▸ **Task details**
Retype the data exactly, from its first line to the line containing "Four students represented", including both, and skip any picture.

▸ **Given records**
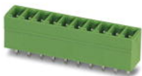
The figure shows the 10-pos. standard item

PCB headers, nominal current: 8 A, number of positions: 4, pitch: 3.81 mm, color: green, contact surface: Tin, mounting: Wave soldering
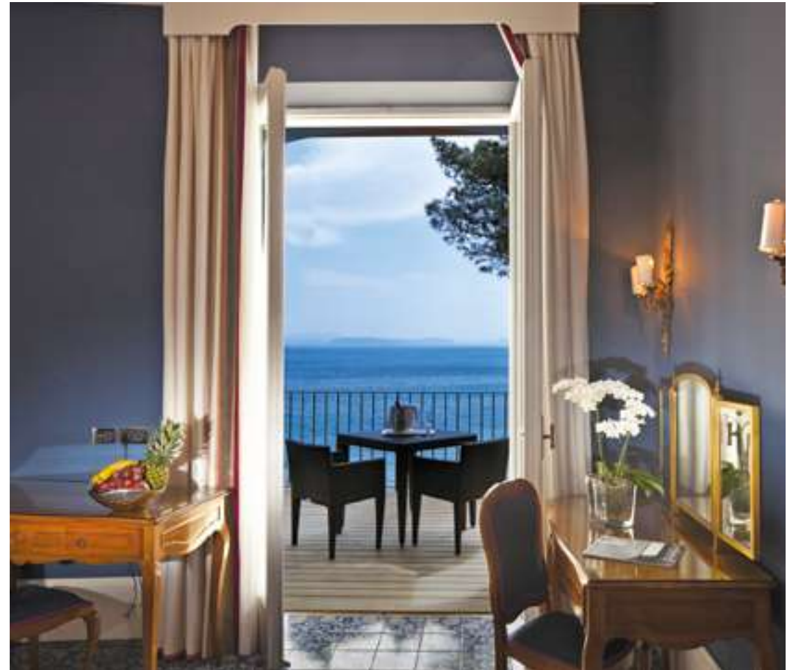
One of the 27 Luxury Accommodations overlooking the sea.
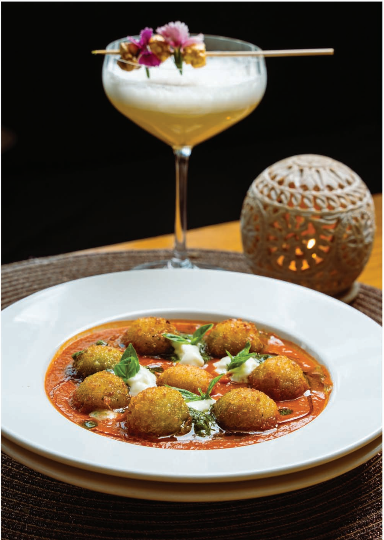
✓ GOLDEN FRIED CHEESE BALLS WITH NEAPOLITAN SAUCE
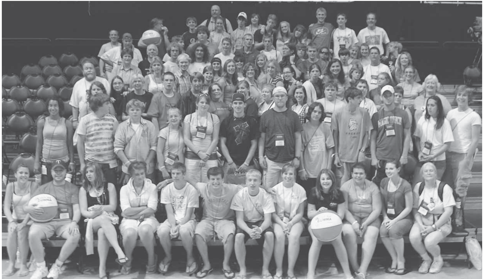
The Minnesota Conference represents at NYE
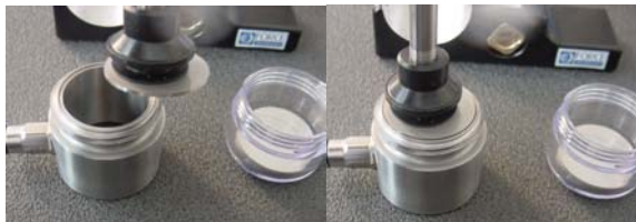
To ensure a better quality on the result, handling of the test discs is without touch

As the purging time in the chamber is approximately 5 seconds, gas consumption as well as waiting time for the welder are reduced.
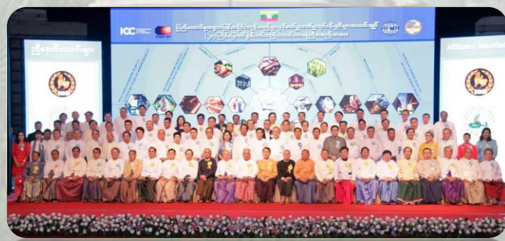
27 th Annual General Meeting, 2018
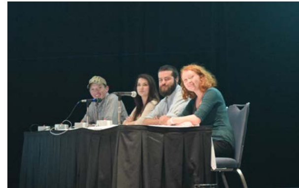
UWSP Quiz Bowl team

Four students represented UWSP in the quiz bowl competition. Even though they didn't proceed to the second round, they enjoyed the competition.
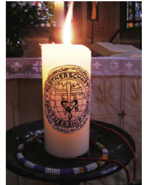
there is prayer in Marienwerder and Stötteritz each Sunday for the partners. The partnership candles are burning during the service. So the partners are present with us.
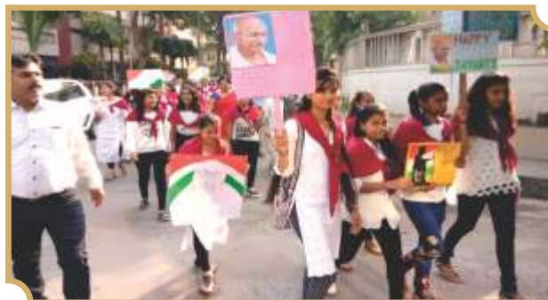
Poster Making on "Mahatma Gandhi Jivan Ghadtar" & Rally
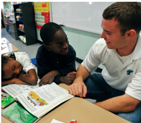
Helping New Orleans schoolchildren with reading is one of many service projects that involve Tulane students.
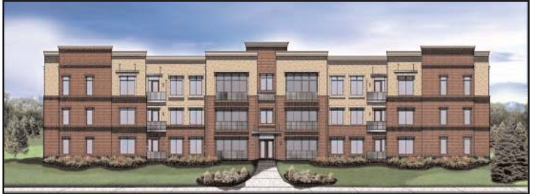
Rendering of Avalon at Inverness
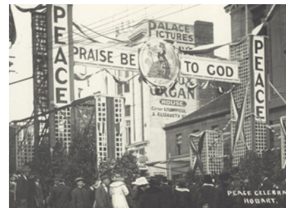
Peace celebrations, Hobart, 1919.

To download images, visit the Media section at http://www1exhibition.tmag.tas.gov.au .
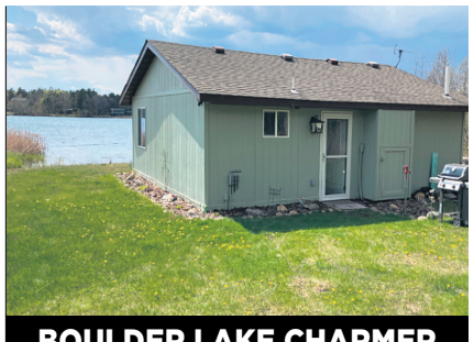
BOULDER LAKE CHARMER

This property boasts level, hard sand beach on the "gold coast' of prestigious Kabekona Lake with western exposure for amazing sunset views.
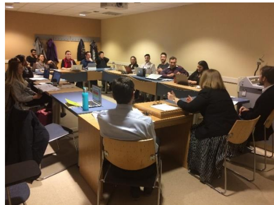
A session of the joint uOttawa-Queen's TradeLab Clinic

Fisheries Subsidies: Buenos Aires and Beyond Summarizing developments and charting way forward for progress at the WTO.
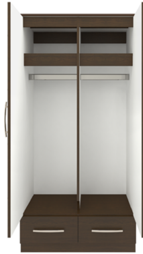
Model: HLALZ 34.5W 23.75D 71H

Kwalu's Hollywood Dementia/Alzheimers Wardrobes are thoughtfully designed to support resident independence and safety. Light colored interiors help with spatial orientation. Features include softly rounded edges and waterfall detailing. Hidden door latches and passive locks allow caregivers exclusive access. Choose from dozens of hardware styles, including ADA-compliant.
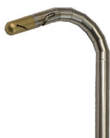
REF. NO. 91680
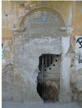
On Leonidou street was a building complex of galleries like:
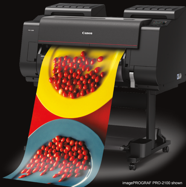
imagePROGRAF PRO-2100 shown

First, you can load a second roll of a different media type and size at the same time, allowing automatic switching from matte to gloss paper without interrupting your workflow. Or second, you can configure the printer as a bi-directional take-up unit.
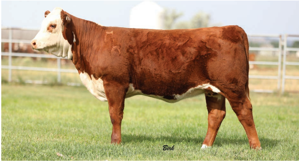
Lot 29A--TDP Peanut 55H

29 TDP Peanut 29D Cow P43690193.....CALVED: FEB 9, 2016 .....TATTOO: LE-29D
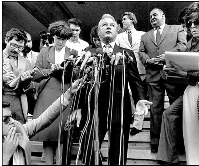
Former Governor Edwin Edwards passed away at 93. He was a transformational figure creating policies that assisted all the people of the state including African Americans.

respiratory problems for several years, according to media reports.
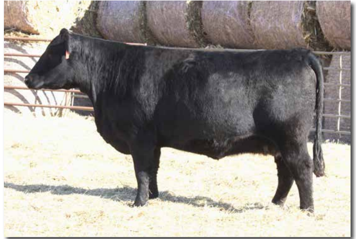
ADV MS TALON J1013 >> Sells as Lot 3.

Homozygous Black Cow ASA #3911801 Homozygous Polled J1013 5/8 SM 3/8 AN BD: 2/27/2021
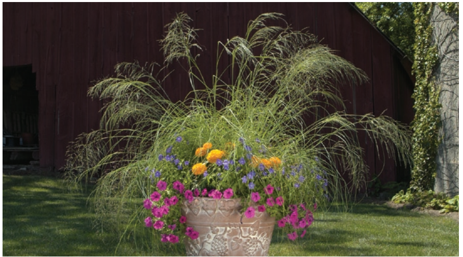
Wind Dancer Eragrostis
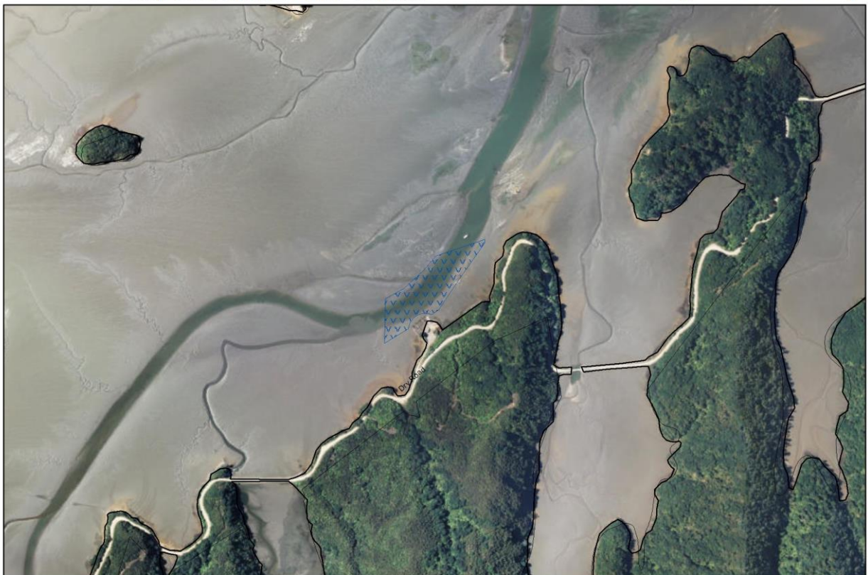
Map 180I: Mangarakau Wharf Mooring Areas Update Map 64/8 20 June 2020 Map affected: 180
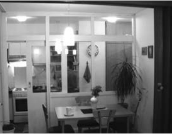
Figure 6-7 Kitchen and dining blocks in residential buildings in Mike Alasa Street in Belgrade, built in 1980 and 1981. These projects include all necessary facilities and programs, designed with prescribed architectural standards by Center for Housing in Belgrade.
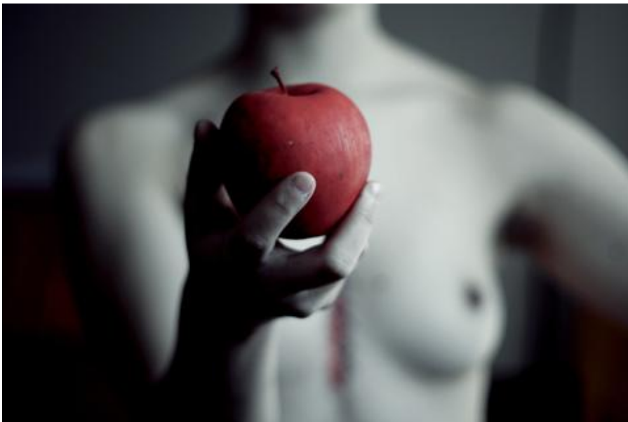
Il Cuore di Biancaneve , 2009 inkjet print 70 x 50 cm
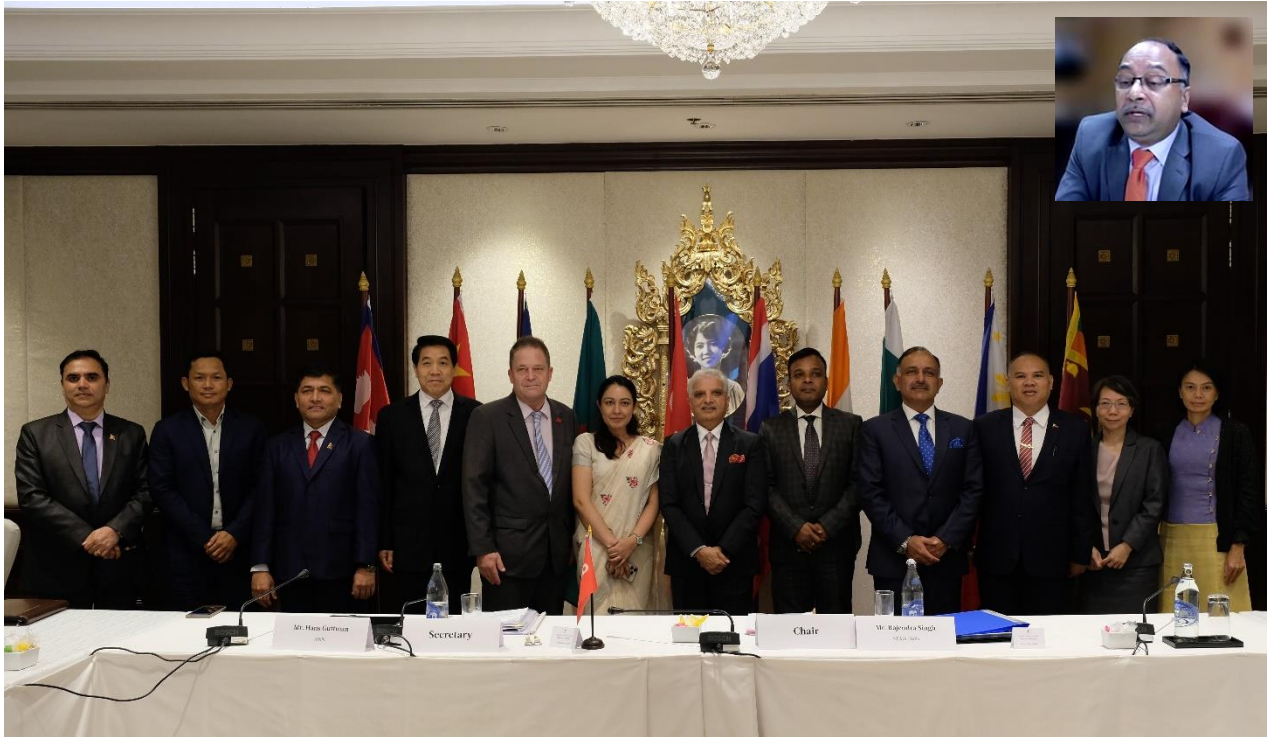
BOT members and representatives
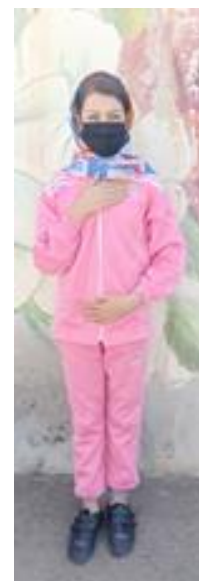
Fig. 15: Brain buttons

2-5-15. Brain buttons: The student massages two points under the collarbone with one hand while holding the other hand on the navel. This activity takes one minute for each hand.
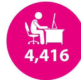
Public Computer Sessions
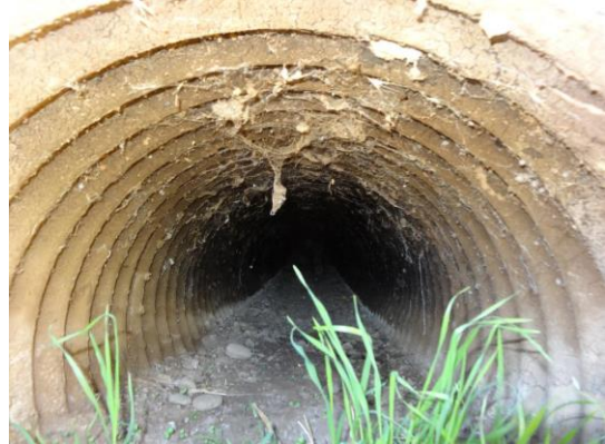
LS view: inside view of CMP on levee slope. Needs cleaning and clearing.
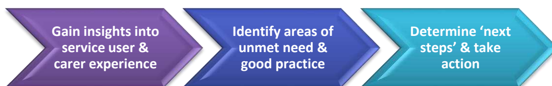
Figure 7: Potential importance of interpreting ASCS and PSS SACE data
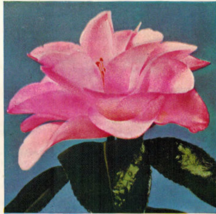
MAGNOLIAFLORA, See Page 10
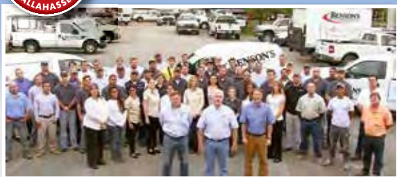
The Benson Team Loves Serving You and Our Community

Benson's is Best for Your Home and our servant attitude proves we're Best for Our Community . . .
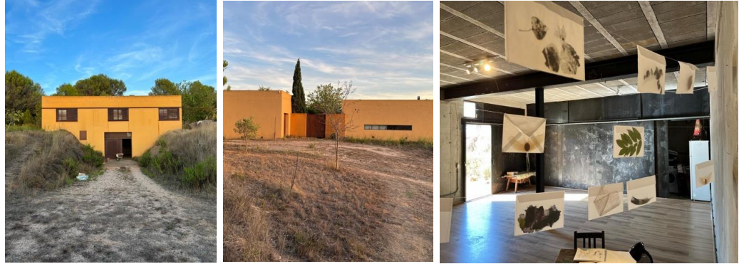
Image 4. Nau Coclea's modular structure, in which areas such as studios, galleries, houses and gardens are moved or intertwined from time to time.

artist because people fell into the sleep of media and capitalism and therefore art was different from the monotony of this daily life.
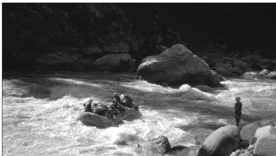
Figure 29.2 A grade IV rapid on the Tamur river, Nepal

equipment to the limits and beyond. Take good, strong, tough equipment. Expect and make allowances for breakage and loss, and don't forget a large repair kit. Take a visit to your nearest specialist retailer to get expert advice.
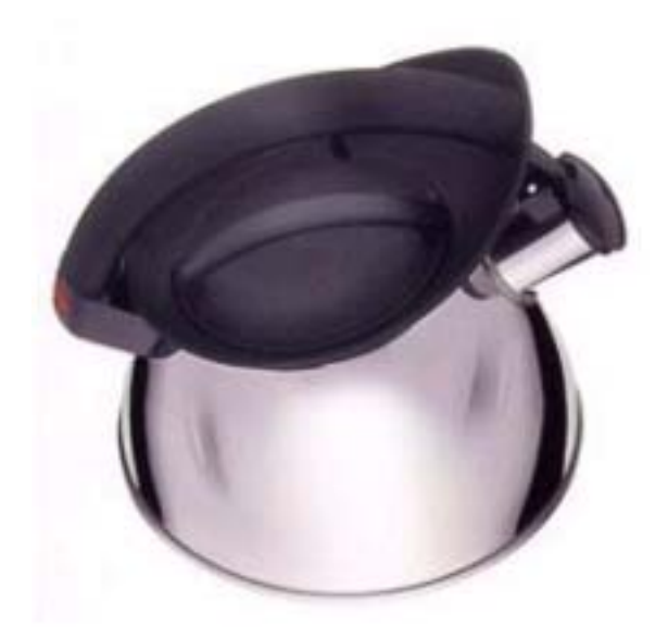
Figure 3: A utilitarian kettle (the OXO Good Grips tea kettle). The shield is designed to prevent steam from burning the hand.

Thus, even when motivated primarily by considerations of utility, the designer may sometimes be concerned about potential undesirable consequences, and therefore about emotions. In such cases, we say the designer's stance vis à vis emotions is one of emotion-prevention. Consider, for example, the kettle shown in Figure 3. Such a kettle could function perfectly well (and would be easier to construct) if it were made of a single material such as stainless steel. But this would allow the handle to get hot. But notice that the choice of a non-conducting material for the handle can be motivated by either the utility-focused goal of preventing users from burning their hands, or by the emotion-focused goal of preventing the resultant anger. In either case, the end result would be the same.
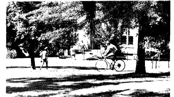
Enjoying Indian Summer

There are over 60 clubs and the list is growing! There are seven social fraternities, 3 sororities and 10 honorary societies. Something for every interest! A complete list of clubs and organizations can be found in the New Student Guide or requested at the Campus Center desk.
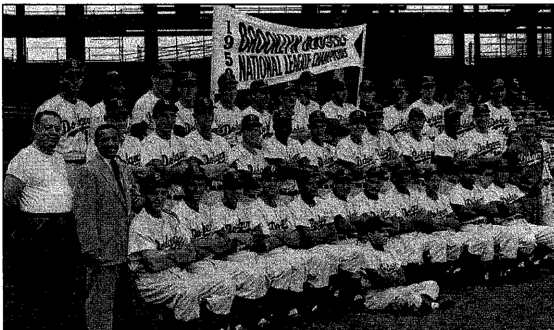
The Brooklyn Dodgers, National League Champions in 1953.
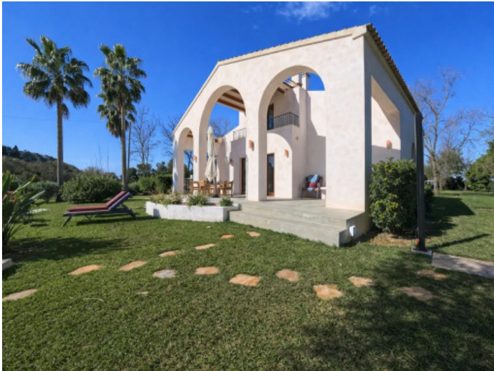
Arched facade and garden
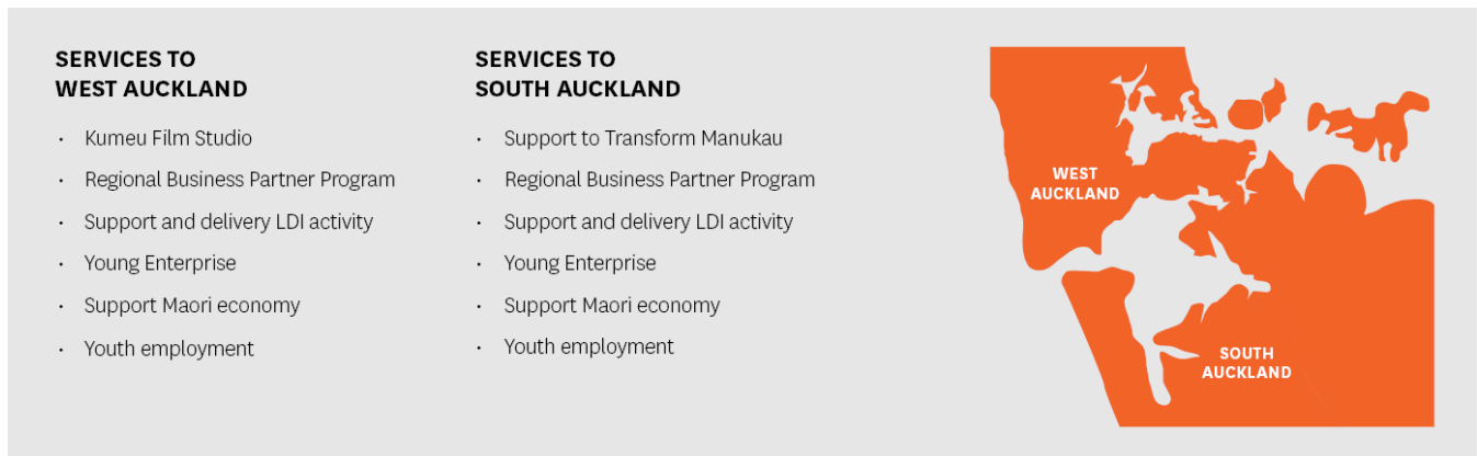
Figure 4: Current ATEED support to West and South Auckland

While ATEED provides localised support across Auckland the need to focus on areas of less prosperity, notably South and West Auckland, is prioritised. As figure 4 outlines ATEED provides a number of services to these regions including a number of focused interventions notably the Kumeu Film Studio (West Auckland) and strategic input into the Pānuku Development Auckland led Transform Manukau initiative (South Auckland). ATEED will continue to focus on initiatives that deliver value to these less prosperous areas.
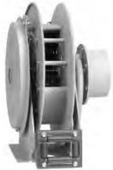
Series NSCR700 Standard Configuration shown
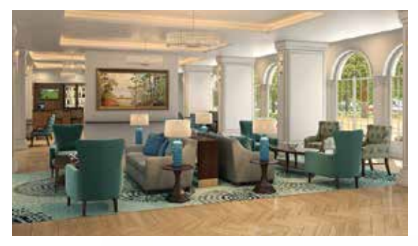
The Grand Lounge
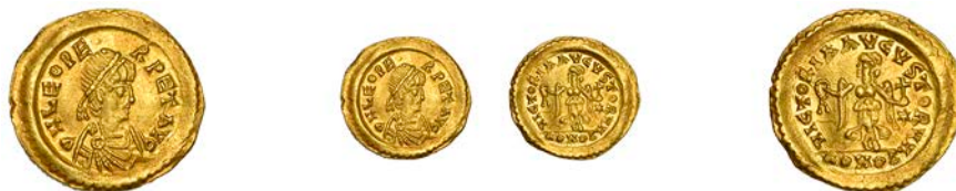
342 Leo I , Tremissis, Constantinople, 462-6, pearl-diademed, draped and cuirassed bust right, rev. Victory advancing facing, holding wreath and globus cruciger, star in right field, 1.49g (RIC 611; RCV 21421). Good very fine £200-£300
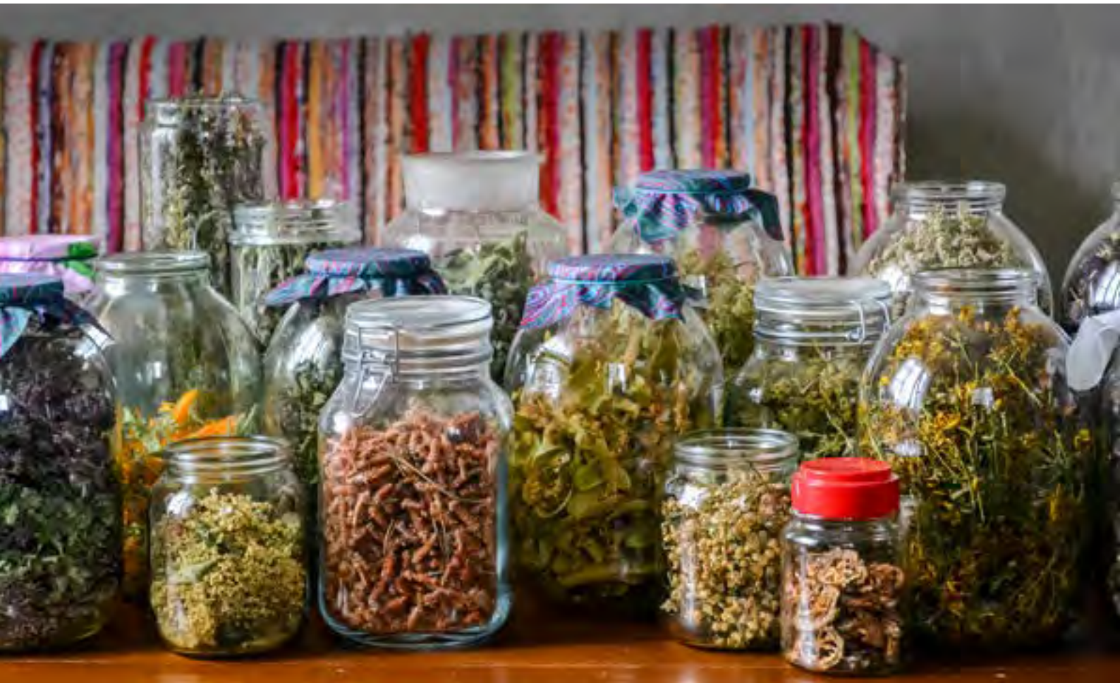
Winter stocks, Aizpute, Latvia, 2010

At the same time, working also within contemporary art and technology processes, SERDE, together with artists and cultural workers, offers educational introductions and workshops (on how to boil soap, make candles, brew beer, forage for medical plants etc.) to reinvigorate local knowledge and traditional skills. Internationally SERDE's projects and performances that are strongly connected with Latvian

▸ **Answer space**
The figure shows the 10-pos. standard item

PCB headers, nominal current: 8 A, number of positions: 4, pitch: 3.81 mm, color: green, contact surface: Tin, mounting: Wave soldering
One of the 27 Luxury Accommodations overlooking the sea.
✓ GOLDEN FRIED CHEESE BALLS WITH NEAPOLITAN SAUCE
The Minnesota Conference represents at NYE
To ensure a better quality on the result, handling of the test discs is without touch

As the purging time in the chamber is approximately 5 seconds, gas consumption as well as waiting time for the welder are reduced.
27 th Annual General Meeting, 2018
UWSP Quiz Bowl team

Four students represented UWSP in the quiz bowl competition. Even though they didn't proceed to the second round, they enjoyed the competition.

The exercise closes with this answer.